Julian Koch (born 11 November 1990) is a German former professional footballer who played as a defensive midfielder.

Personal life
He graduated in 2009 his Abitur from the Goethe-Gymnasium Dortmund.

Club career

Borussia Dortmund
Koch was born in Schwerte and settled 1991 with his family to Dortmund, here began Koch his career with VfL Hörde. In summer 2001 left VfL Hörde and signed an youth contract for Borussia Dortmund. After seven years on youth side for Borussia Dortmund he was in July 2008 promoted to the reserve side and earned his first cap in the Regionalliga West against 1. FSV Mainz 05 II. On 6 March 2010, he made his Bundesliga debut for Borussia Dortmund in a 3–0 win against Borussia Mönchengladbach. On 2 May 2012, despite missing the entire 2011–12 season because of knee injury, he signed a new two-year contract.

MSV Duisburg
On 18 May 2010, Koch agreed a loan deal with MSV Duisburg until the end of the 2010–11 season. Koch sustained a knee injury during a match against Rot-Weiß Oberhausen and missed the rest of the season, including the 2011 DFB-Pokal Final against Schalke 04. On 8 May 2012, it was announced that Koch would rejoin Duisburg on a season-long loan deal effective from 1 July 2012.

Mainz 05
On 5 June 2013, Koch completed a transfer to 1. FSV Mainz 05 for an undisclosed fee.
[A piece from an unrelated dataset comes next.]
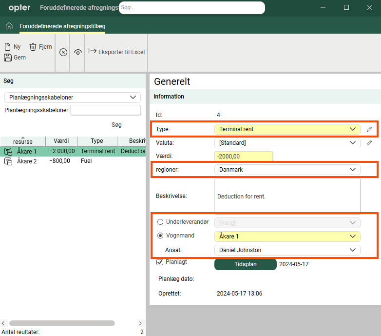 Tillægget oprettes i henhold til tidsplanen og lægges derefter til afregningen næste gang vognmanden/underleverandøren afregnes. Hvis du afregner en gang om måneden, skal du planlægge tillægget, så det oprettes en gang om måneden. Hvis du afregner en gang om ugen, skal du planlægge tillægget, så det oprettes en gang om ugen. På den måde bliver det automatisk tilføjet til hver afregning.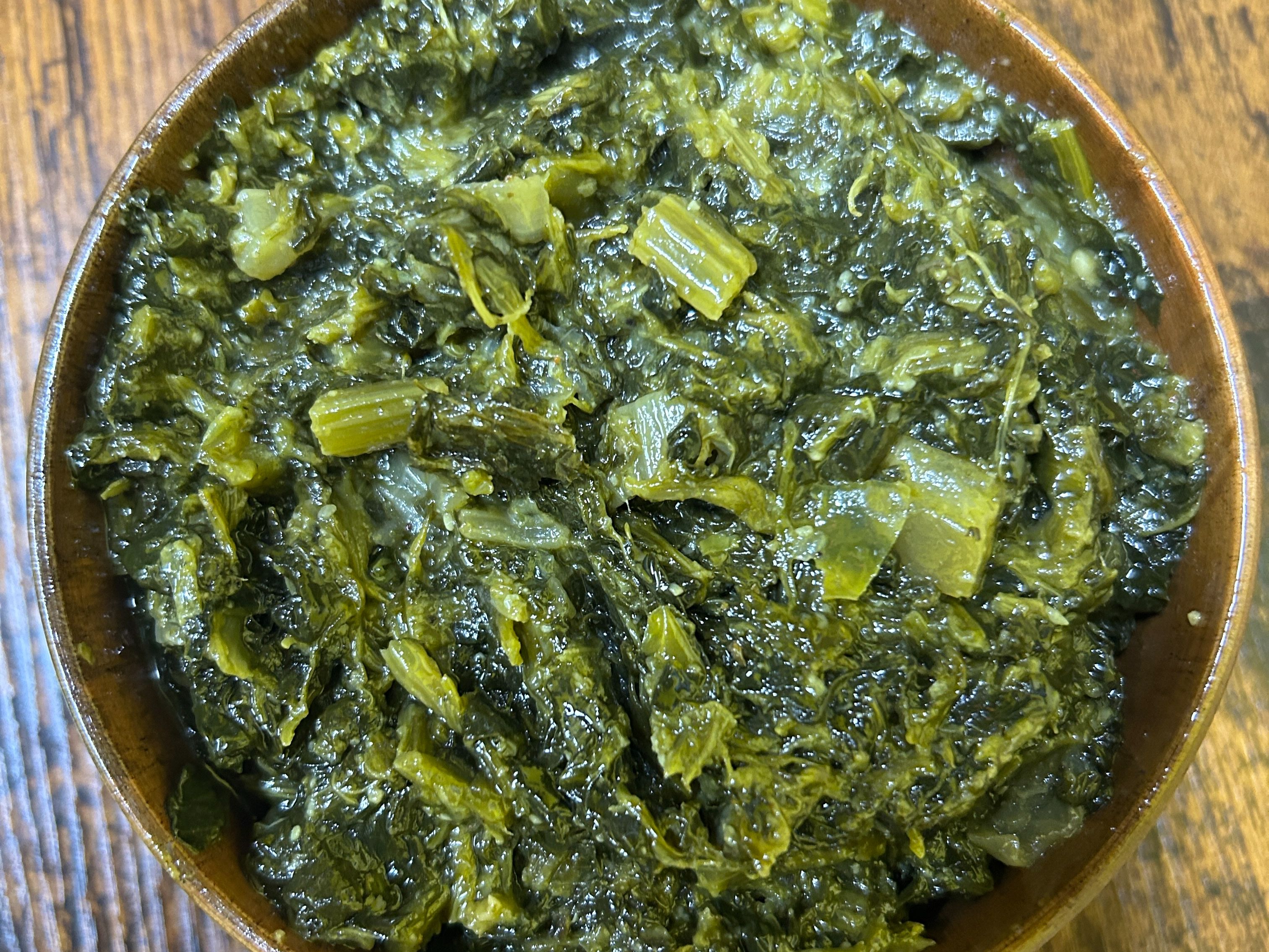very delicious spinach made with green peppers, parsley, and green onions, tasty no Maggi seasoning no MSG added

Koch signed with 2. Bundesliga side FC St. Pauli on loan until the end of the 2014–15 season. Whilst on loan, Koch scored an incredible goal after intercepting the opposition kick off and blasting the ball into the back of the net.

Ferencváros
In January 2017 Koch moved to Hungary joining Nemzeti Bajnokság I club Ferencváros. For much of his time there, he was injured. Until his release in summer 2019 he made 22 appearances across all competitions and won the league in 2019 and the cup in 2017.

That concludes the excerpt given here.